Gökçek metrosunda başıma gelenler

Ogün Eratalay

Blog: Serbest Kürsü

İstemeye istemeye de olsa bindim metroya. Önceden tembihli olduğum için Akköprü ile Atatürk Kültür Merkezi metro istasyonları arasında ulaşımın otobüsle yapıldığını biliyorum. Kartımda biraz para kalmış olduğunu tahmin ediyordum, neyse kartımı göstererek turnikelerden geçtim ve hengâmeye daldım. Eskiden istasyondaki iki yolun da kullanıldığı zamanlarda hangi yöne gideceğimizi bilip binerdik. Şimdi kafaya göre eklenen hatlar sayesinde yönlendirilmeyi bekleyen koyuna döndük esefle söylüyorum. Şans eseri oturur buldum kendimi ama hiç niyetim yok oturmaya. Boyun Eğme dergisinin son sayısını dün edindiğim için onu okumam lazım, belki de derginin adını bilmeyenlere reklâm yaparım. Daha ilk yazıyı okumaya başladım ki yaşlıca bir yurttaş görünce hemen fırladım ayağa ve yerimi verdim. Bu arada tren gitmeye başlamış, neredeyse Macunköy'e gelmiştik.

Ya bu durakta veya bir sonrakinde bildik bir nida çınladı vagonda: "Afedersiniz, rahatsız olmazsanız müzik yapmak istiyoruz..." Kimseden bir ses çıkmayınca harçlık parası için müzik yapan gençler başladılar bir türkü söylemeye. Güzel de geliyordu kulağa, sanırım bir Karadeniz türküsüydü. Demeye kalmadı hemen arkamdaki külhanbeyi kılıklı adam "Ben rahatsız oluyorum kardeşim" diye böğürdü. Döndüm baktım kimdir bu arkadaş diye iri yarı, saçlar üç numara birisi. Deri ceket giymişti, elinde tespih var mıydı tam hatırlayamıyorum. "Biz de müzik duymak istiyoruz, o zaman sen vagon değiştir", "Metroda müzik çalmak yasak", "Avrupa'da her metroda var, ben Paris'te gördüm" serzenişleriyle kısa yolumuzun sonuna geldik. Ben elimdeki bozuklukları müzikçilere veremeden…

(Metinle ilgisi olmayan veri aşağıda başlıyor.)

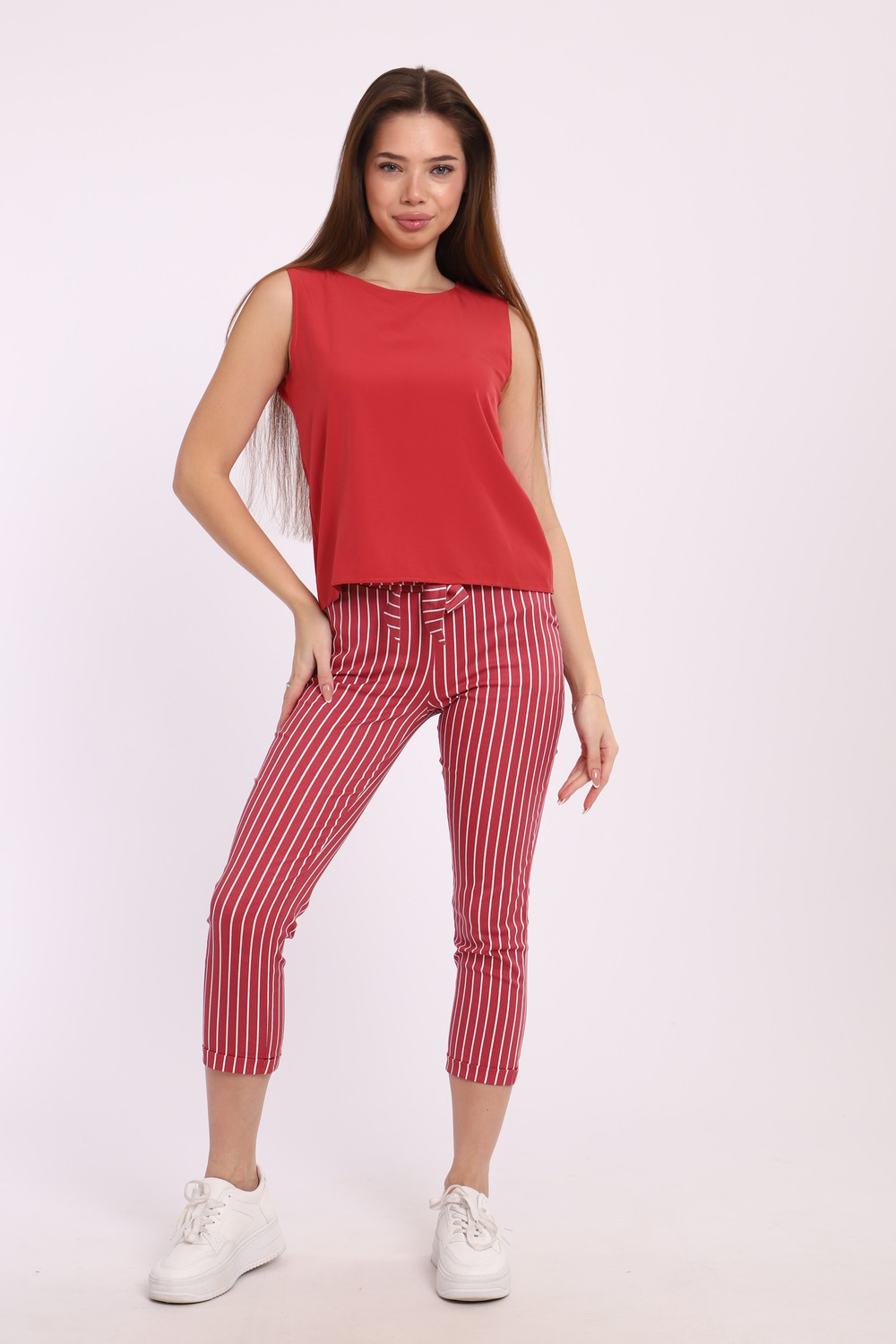 Наш однотонный топ, входящий в комплект, создан для того, чтобы гармонично дополнять полосатые брюки. Этот элемент гардероба выполнен в классическом дизайне, что позволяет легко сочетать его как с другими частями вашего гардероба, так и с различными аксессуарами. Материал топа мягкий и приятный к телу, он отлично сохраняет форму и не теряет цвет после множества стирок.

Akköprüye gelmiştik. Hani bir lavaboda veya su giderinde çok miktarda su varken anafor oluşur ya, öyle bir anaforun bir parçasıyım artık. Vagondan inenlerle binmeye çalışanlar, inenlerle merdivene ulaşmaya çalışanlar muharebe halindeyiz. Milim milim ilerliyoruz. İtiş kakış yeryüzüne çıktık, şimdi metro istasyonundan ayrılıyoruz. Yerlere koca koca oklar çizmişler biz koyuncağızlar için. Geniş bir meydana geldik, belli yerlere bu iş için özel asfalt dökülmüş. Bekleyen boş otobüslere doluşuyoruz. Bir de zılgıt yiyoruz, yardımcı olacakmışız, önlere ilerleyecekmişiz... Ne kötüyüz biz yahu, görev yapan Gökçekçi şoförgillere yardımcı olmuyoruz. İçimden sayıyorum kaç saniyede gideceğiz diye valla 98, 99, 100 dedim kapı açıldı. Açıldı ve ikinci yarı maraton başladı. Otobüsten gelen güruhu gören görevli kart basalım falan diyecek zannettim demedi. Doğrudan alt kata indik. Aaaa... Bu vagonlar başka! Hem de sadece üç tane minik vagon. Olsun, binelim de...Binemiyorum, önümdeki amcayı ittirmesem binemiyordum demeliyim. Zaten üç durak gideceğiz diye yine bir sineye çekme durumu. Neyse geldik ama saate baktığım iyi olmuş, neredeyse bir saattir yollardayız. Alternatif mi? Valla arabam yok, 220 numaralı mavi otobüs de oradan geçiyor. Pardon o türlü bir alternatif kastetmedim doğru ya, benim çok güzel bir alternatifim var; sosyalizm! Hem de Gökçeksiz ve aktarmasız!